Our role is to host the Canadian conversation. To give voice to Canadians in all their diversity, telling our stories, celebrating our heroes and educating our kids through news information and high impact distinctive programming. I hasten to add that private broadcasters do some of this programming as well and, in exchange, they are licensed to build profitable businesses around broadcasting popular, mostly American, programming. But for us it is our raison d’être and the most telling measurement of the success of this kind of programming, whether at CBC or Global, is not necessarily market share.

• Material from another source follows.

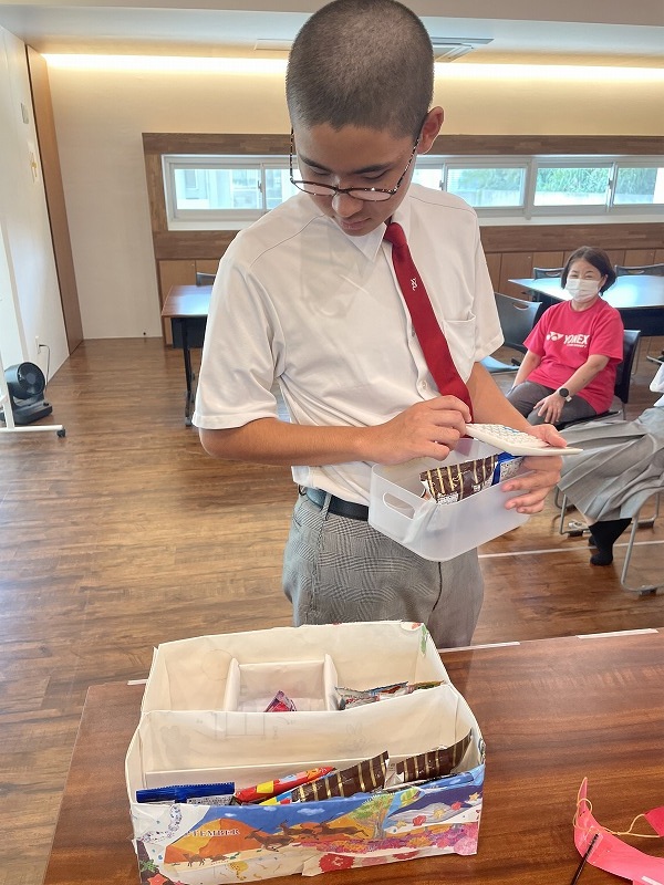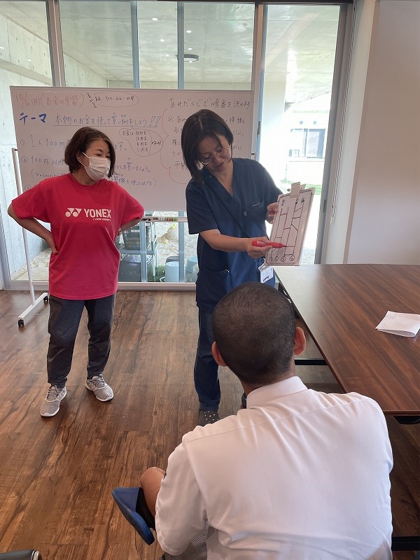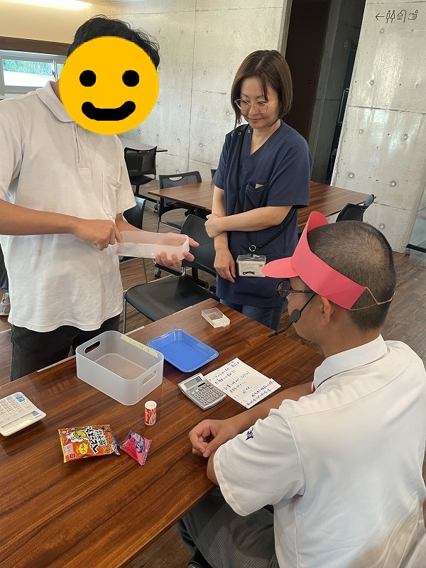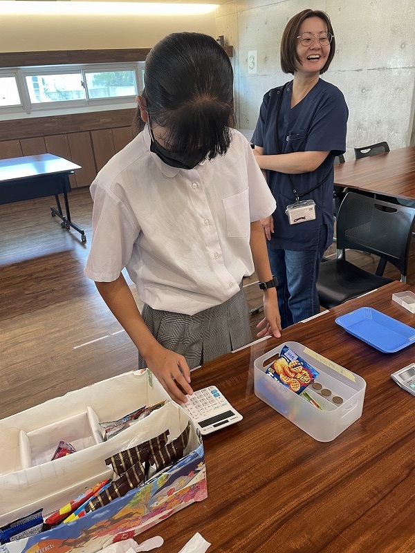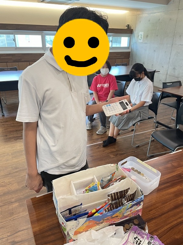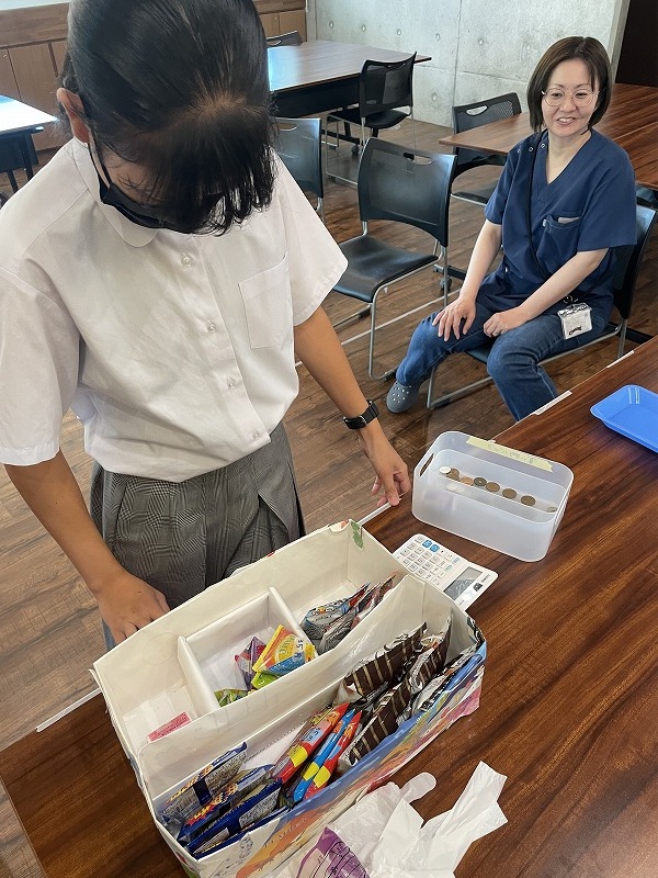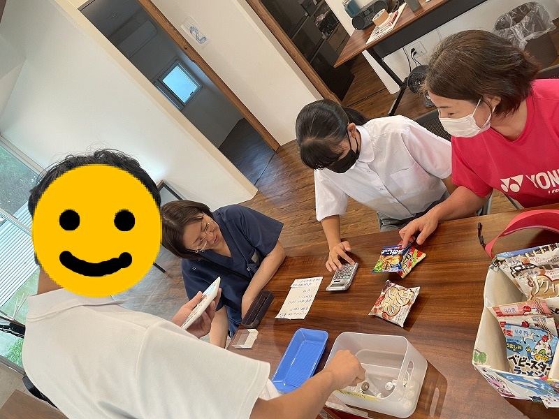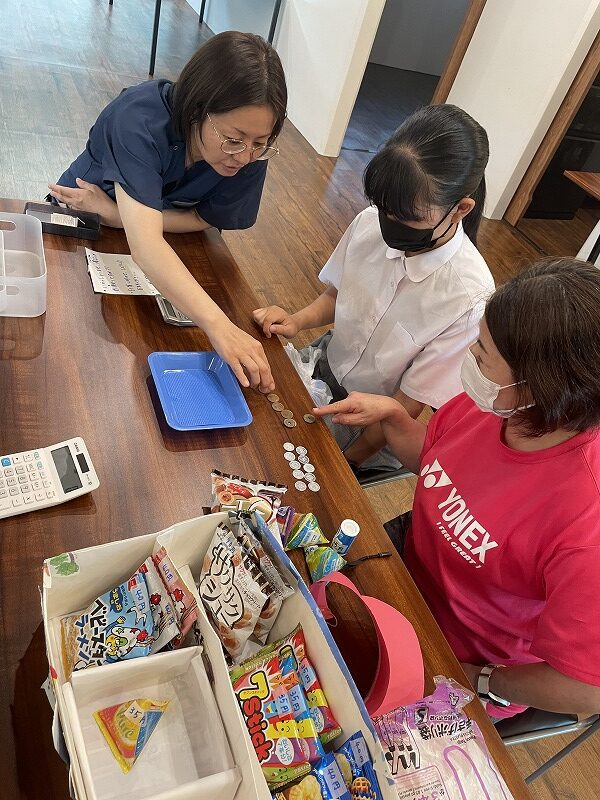 今回の買物学習では、本物のお菓子とお金を用意して、こどもたちの買物練習をしました。預けた硬貨のお金を使って値付けされたお菓子をなるべくおつりがでないような買物の練習と、職業訓練を兼ねてレジ係もこどもたちにお願いして計算してもらいました。

Programming of this kind needs a more flexible instrument.
...<''Post'' columnist John> Ivison points to the fact that CBC Television does not do well on the list of Nielsen list of top 20 programs. In fact, Canadian programs generally do not do well in the overall top 20. Why? One reason is that a big US drama program, like West Wing or ER, will spend between three and five times more to make an hour of programming than it costs to make a top end Canadian show.
What he doesn’t perhaps know, is that 12 of the top 20 Canadian drama series and 18 of the top 20 Canadian drama specials in 2003-04 were CBC programs. Given our mandate, that is the list that measures our success.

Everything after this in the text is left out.